Among the pioneering wineries of Alexander Valley, Geyser Peak is as old as some of the dirt there. It's gone bankrupt twice in a century and been bought and sold so many times, who can keep track? In the 1990s, the facility was in thrall to Australian overlords Penfolds, who brought in winemakers Daryl Groom and Mick Shroeter. When their Shiraz won top awards at the Sonoma County Harvest Fair, it was seen as a peak moment in an Aussie invasion. So I looked forward to sampling what was new.
This was the only disappointing aspect about my Geyser Peak experience. I wanted to do the tasting that most folks would opt for, but the only available Shiraz is in the Reserve Room. For five varietal or limited selection wines, $5 is charged. But when I had difficulty deciding among the Zins, it was not a problem to add them in (they're offered as a flight of three). The tasting fee is not plowed back into a wine purchase as is typical; that's one of those pricing strategies they might wish to review.
The bar suffers more from bad feng shui than anything else. It's attractive enough, simple, but on an uncrowded afternoon, I don't know, maybe it was the hum of the refrigerators chilling the bubbly. My tasting host was friendly, but real and knowledgeable, not a know-it-all.

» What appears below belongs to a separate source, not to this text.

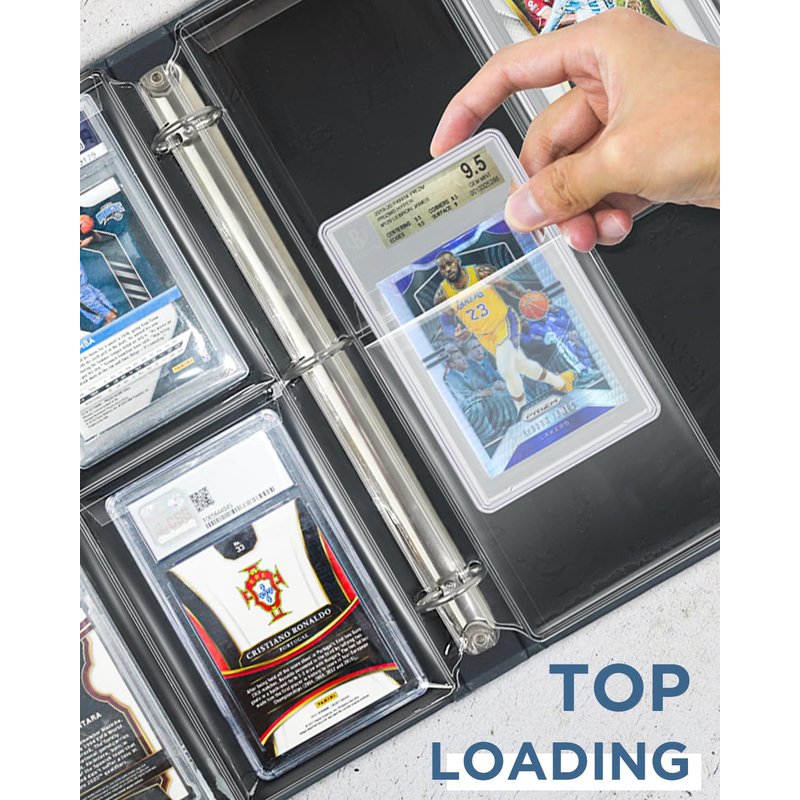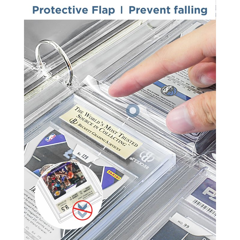 - OMNIPOTENT MATCHING: The binder sleeves for graded cards are top loading with protective flap. Ensure the safety of the precious graded cards. Cases fit & stay secure as sleeve pages are turned. Fits PSA, BGS, BCCG, CGC card slabs and similar size graded sports cards. Also fits one-touch magnetic card slab.

I should have had the award-winning 2006 California Sauvignon Blanc ($13). Instead I went for the 2005 Alexander Valley Chardonnay ($14), which is everything about Chardonnay that winemakers are running away from and claiming they never met; cloyingly sweet and buttery, all that it lacks is overpowering oak. Bottoms up to the inky 2003 Alexander Valley Petit Verdot ($20), redolent of cigar box, with the brambly flavor of Zinfandel and the structure of a serious Merlot.
When the couple to my right asked about the 2004 Alexander Valley Tannat ($25), they received no smirks or jeers, rather a concise story of its French origins and its success as Uruguay's top red. The aroma is of violets and leather, flavor of olallieberry and tar, and super dry with potential; if the tannins eventually become more lengthy and silken, this is the kind of wine you'd imagine sipping some evening in rapt contemplation, while seated in a comfortable leather-furnished study, reading ancient poetry aloud.
Lastly, the three Zins are sourced from vineyards 10, 50 and 100 years old, respectively. New associate winemaker Ondine Chattan is passionate about Zinfandel and persuaded the GP to release this unique series called XYZin.